╭──
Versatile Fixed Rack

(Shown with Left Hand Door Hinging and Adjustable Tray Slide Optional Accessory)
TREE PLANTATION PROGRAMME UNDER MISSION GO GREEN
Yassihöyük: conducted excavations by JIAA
╰──
╭──
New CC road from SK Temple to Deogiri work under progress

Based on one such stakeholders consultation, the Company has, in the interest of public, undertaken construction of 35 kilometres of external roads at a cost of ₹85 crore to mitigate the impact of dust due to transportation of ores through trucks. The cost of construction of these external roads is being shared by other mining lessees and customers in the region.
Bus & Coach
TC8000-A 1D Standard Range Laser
╰──
╭──
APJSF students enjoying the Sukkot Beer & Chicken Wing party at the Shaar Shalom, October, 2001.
╰──
Above are the records; repeat exactly the lines from the one holding "Versatile Fixed Rack" down to the one holding "Yassihöyük: conducted excavations by JIAA", end lines included.

- Solution to this task:
Versatile Fixed Rack

(Shown with Left Hand Door Hinging and Adjustable Tray Slide Optional Accessory)
TREE PLANTATION PROGRAMME UNDER MISSION GO GREEN
Yassihöyük: conducted excavations by JIAA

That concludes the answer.